How do you approach conversations about end-of-life care with patients and their families?
I used to manage ER/Trauma centers and intensive care units. Hospice was brand new. In fact KublerRoss book was less than 10 years old. There was no guidance
I was scarred as an orderly - I was in my late teens- when i witnessed a general surgeon forbid the family and the staff from telling the grandmother that she had terminal breast cancer.
The pateint was no dummy and she was fully aware she was dying and noticed the changes in the staff and her family. She had NO ONE to discuss her impending demise.
That single even set the rest of my career in motion. I did everything I could to assist patients and families.
Our Senior “Issues in Nursing” project was based on death with dignity. I was husband/father, one of the women was my wife who was post MVC brain injury, terminal coma. We had a a full team and full presentation.
There was not a dry eye in the place — A’s all around for us.
There are many any incidents when you are ER Trauma ICU like the fictional story we did.
Lots of education A minor in philosophy (mostly ethics) with my BSN, lots of ethics con Ed and even helped create the ethics committee for the hospital.
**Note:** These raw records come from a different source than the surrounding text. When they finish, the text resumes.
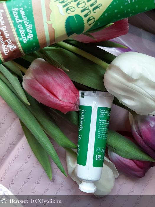 Упаковка у крема свежего зеленого цвета с изображением кусочка пирога. На обратной стороне мелким шрифтом указана информация о потребностях кожи рук, свойствах крема, способе применения, составе, контактных данных производителя, сроки пропечатаны отчетливо на обертке.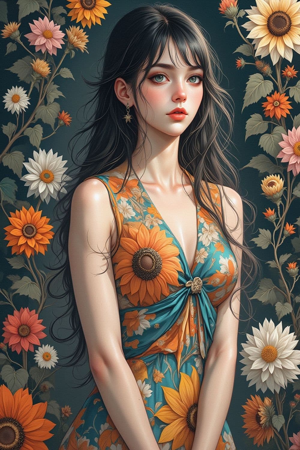 A captivating portrait of a woman with long dark hair, adorned with a floral dress featuring vivid sunflowers and daisies. Her serene expression is highlighted by soft blush and subtle eyeshadow. The background is a harmonious blend of sunflowers and other floral blooms, enhancing the natural beauty and elegance of the scene.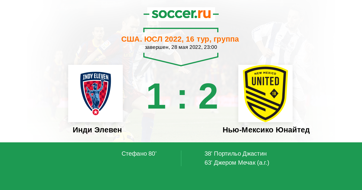 Протокол матча Инди Элевен против Нью-Мексико Юнайтед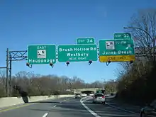 The Northern State Parkway eastbound at the junction with exit 33, the Wantagh State Parkway in West Jericho

How do you approach the dying patient … just like the pateint taught me…honesty, and forthright approach. You may want to start by asking them what they konw about their condition, and the prospects to meet any future life goals in their condition. Ask beleif systems, family beleif systems then provide the medical facts in small but honest bites. Provide alternatives to hospice, maybe even consider the family needs too.
Honest, caring, pleasant. Sometime even humor can be used to recognize they are human and have a life that they are not dead yet.
First I explain that death is a part of life. Family and comfort efforts help the patient transition into the next chapter. Hospice care has people who can guide all the decisions.
By being honest and transparent with them. I always ask them. What is their goals in expectations for their care. As they list them, we address them. Sometimes they need closure, and we will explore their medical records together to see if closure is there if not, I would suggest to them to follow up with their care provider for that closure. If you don’t, they will most likely end up revoking, hospice, and seeking aggressive measures.
Be honest and be straight forward with them. Tell them all the options and what each decision entails with the results of the options. I tend to interject — if this was my mother—- what I would do but also say— this should no way mean this is what I’m telling you to do! Ask them what they are thinking and support their option. If they are making bad decisions or decisions I wouldn’t recommend, i tend to go over the pros and cons again and maybe explaining things a little more but it’s ultimately their decision. be supportive and you can’t screw it up!